WHAT IS NEEDED. Set out exactly every line of the entries below, starting at the line that holds "por me prani." and stopping after the line that holds "Επιστολή προς όλους".

DATA TO EXAMINE.
# # # # # # #
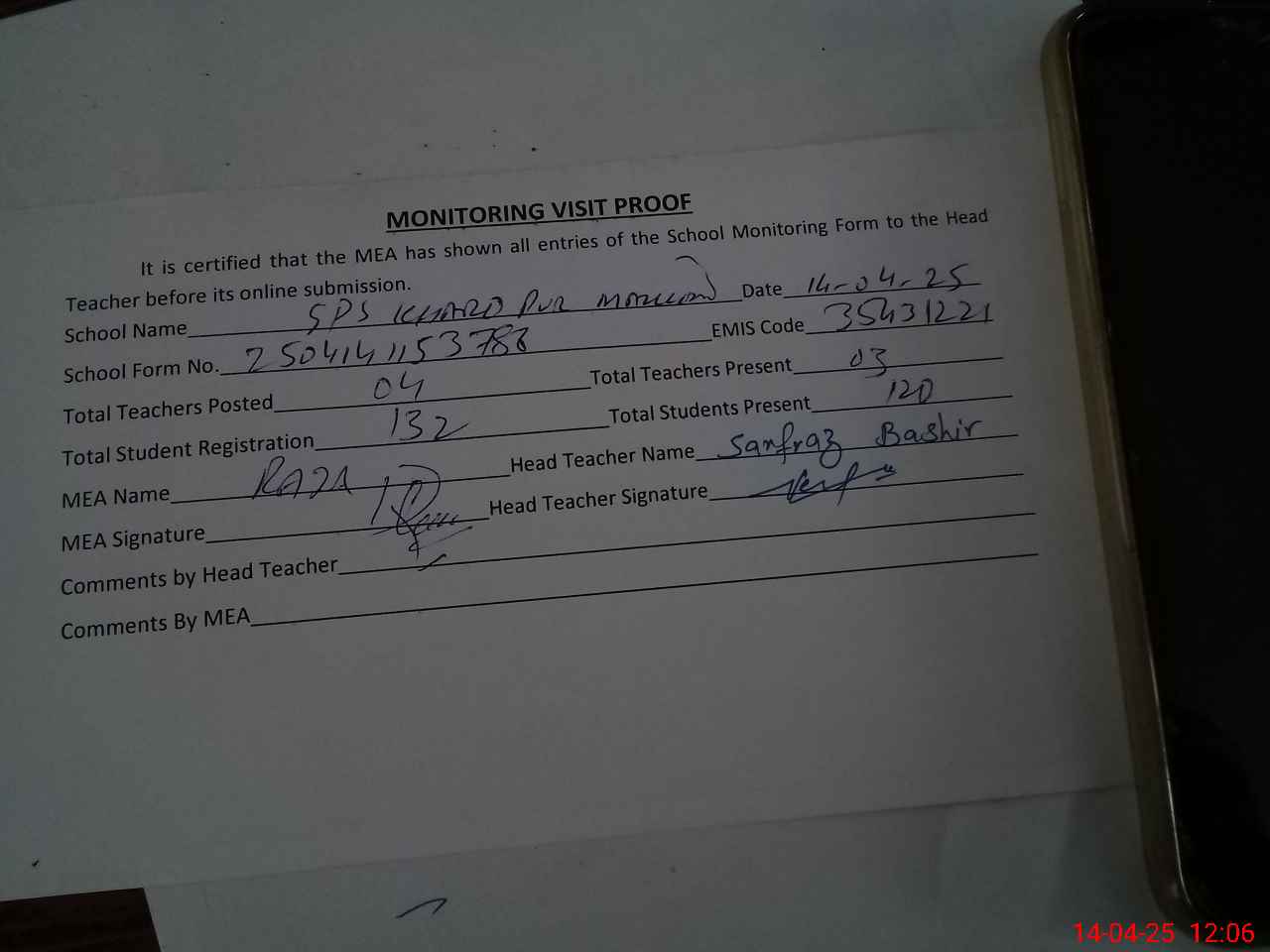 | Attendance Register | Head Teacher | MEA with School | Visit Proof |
# # # # # # #
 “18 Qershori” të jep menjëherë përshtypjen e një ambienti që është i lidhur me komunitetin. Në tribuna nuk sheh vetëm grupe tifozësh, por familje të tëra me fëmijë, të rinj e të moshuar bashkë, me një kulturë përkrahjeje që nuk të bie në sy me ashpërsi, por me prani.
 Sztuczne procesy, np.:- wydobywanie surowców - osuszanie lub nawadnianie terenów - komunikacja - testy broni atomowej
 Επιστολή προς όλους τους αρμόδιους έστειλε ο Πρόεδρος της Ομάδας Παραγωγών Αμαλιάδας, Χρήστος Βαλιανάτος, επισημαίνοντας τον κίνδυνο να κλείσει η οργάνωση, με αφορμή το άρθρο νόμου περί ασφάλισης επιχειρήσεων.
# # # # # # #
OUTPUT OF THE TASK.
 “18 Qershori” të jep menjëherë përshtypjen e një ambienti që është i lidhur me komunitetin. Në tribuna nuk sheh vetëm grupe tifozësh, por familje të tëra me fëmijë, të rinj e të moshuar bashkë, me një kulturë përkrahjeje që nuk të bie në sy me ashpërsi, por me prani.
 Sztuczne procesy, np.:- wydobywanie surowców - osuszanie lub nawadnianie terenów - komunikacja - testy broni atomowej
 Επιστολή προς όλους τους αρμόδιους έστειλε ο Πρόεδρος της Ομάδας Παραγωγών Αμαλιάδας, Χρήστος Βαλιανάτος, επισημαίνοντας τον κίνδυνο να κλείσει η οργάνωση, με αφορμή το άρθρο νόμου περί ασφάλισης επιχειρήσεων.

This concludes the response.